I've got three car loads of cast-off paraphernalia to take to the thrift store, light bulbs out in at least five rooms, and six levels of cobwebs to deconstruct. Between repainting the play set, working through three years of "to be filed" paperwork and tackling the 712 windows in my house I'm wound tighter than hair tie on a 2-year-old.
Today, I finally snapped.
I've been putting off one particularly nasty closet for the past year because finding organizational solutions to its myriad of problems is apparently impossible (for me). This afternoon (after repainting the play set) I gritted my teeth and opened her up.
What. A. Mess.
She's one of those massive front-entry beasts that has become our Room of Requirement -- the catch-all for things that don't have a home. I started in with the shoes, throwing them out of the closet with a vengeance. Just as I finished unloading it Jason came to check on me.
"Wow," he said, glancing at the impressive display of strewn footwear, "That's going to take some work."
I looked at him over my shoulders and tried to ignite my death ray. He apparently missed it.
"I guess it's a good thing my mom is coming so you can get some of this stuff done."
And then he lifted his foot and the land mine exploded.
"You know what?" I said, loud enough to ensure the entire village could hear me, "I quit! I am officially done! In fact, I have just decided to leave all these shoes right here so your mother can see exactly what our life is really like!" Then my poor husband ducked behind the door as shoes began to fly all over the house, traveling into the kitchen and the front living room at speeds no human foot could achieve.
And then, like all slightly insane young mothers who are desperate to impress their in-laws, I sat down in the middle of the floor and cried. And cried and cried and cried.
Sometimes this silly battle seems far more important than it actually is.
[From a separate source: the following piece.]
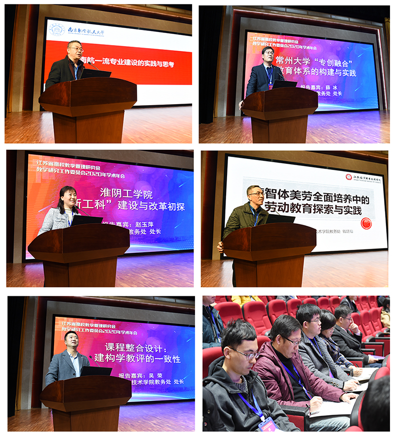 在下午的院校交流环节中,南京航空航天大学教务处刘长江副处长、常州大学教务处薛冰处长、淮阴工学院教务处赵玉萍处长、江苏经贸职业技术学院教务处钱廷仙处长、常州机电职业技术学院教务处吴荣处长,分别围绕“一流专业建设”“‘专创融合’教育体系”“‘新工科’建设”“德智体美劳全面培养中的劳动教育”、“学教评的一致性课程整合设计”等难点、热点问题,进行教学改革和管理经验分享和交流。

It's been so easy for me to fret about someone's opinion when in actuality there's only one person that really matters and it's not one of my earthly relatives.
Somewhere in my head a little voice (I don't listen to all of them, don't worry) keeps reminding me that she, too, had little children once, and that despite my imperfections, what other people think really doesn't matter because Jesus loves me anyway.
But to be honest, if He were visiting I still think I'd want my cupboards all organized.
(EDITOR'S NOTE: This column was submitted more than six weeks ago.)